**What you should do**:
Under this line is a listing; return exactly the lines starting at the one with "送料無料 岩手県 一関市" and running down to the one with "Velký jeton na", and leave out its pictures.

**Given entries**:

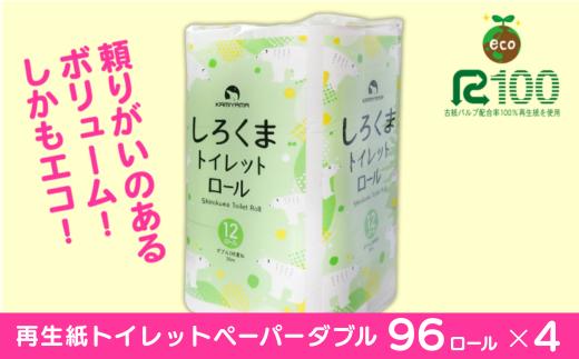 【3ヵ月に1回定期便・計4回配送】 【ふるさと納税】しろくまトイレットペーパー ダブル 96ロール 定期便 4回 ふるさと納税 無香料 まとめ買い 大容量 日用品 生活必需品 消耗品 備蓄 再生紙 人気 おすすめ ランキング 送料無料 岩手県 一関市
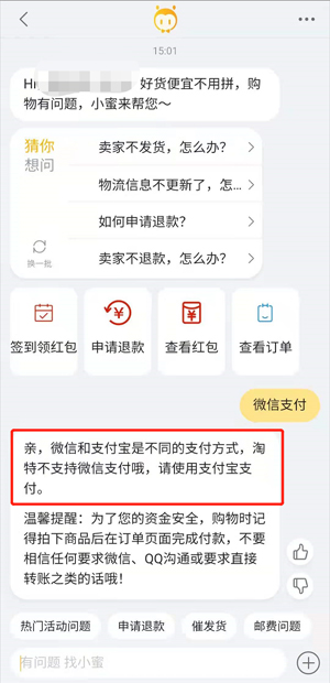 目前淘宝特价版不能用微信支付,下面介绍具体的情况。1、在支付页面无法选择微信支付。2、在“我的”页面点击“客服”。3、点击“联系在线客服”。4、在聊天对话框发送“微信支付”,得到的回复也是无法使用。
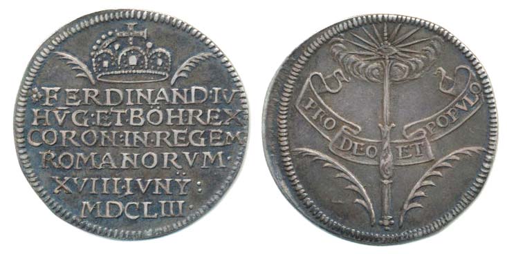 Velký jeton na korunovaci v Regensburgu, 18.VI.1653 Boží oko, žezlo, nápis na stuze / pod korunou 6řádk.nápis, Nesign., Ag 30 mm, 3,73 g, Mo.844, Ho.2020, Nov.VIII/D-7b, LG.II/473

* * *

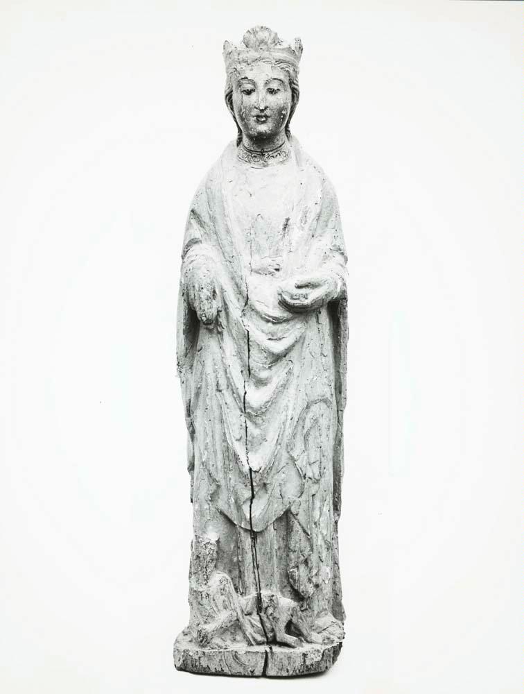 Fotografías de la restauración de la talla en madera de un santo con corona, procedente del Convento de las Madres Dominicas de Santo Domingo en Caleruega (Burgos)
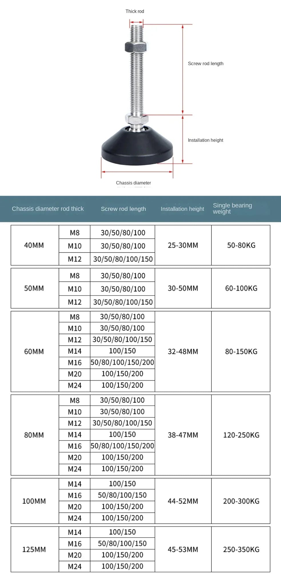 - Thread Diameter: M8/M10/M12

* * *

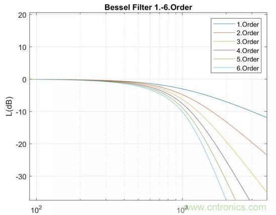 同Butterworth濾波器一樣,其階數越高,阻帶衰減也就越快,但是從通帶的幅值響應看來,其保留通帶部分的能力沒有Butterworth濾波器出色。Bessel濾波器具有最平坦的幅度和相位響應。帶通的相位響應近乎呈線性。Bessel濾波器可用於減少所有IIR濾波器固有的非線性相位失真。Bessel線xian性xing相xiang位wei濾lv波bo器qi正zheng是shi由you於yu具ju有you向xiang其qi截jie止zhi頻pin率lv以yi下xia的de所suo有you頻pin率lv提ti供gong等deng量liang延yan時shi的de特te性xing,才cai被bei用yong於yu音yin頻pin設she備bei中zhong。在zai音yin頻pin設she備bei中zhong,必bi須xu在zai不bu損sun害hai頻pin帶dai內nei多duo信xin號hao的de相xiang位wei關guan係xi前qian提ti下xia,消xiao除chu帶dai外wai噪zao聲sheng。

**Response area**:
 【3ヵ月に1回定期便・計4回配送】 【ふるさと納税】しろくまトイレットペーパー ダブル 96ロール 定期便 4回 ふるさと納税 無香料 まとめ買い 大容量 日用品 生活必需品 消耗品 備蓄 再生紙 人気 おすすめ ランキング 送料無料 岩手県 一関市
 目前淘宝特价版不能用微信支付,下面介绍具体的情况。1、在支付页面无法选择微信支付。2、在“我的”页面点击“客服”。3、点击“联系在线客服”。4、在聊天对话框发送“微信支付”,得到的回复也是无法使用。
 Velký jeton na korunovaci v Regensburgu, 18.VI.1653 Boží oko, žezlo, nápis na stuze / pod korunou 6řádk.nápis, Nesign., Ag 30 mm, 3,73 g, Mo.844, Ho.2020, Nov.VIII/D-7b, LG.II/473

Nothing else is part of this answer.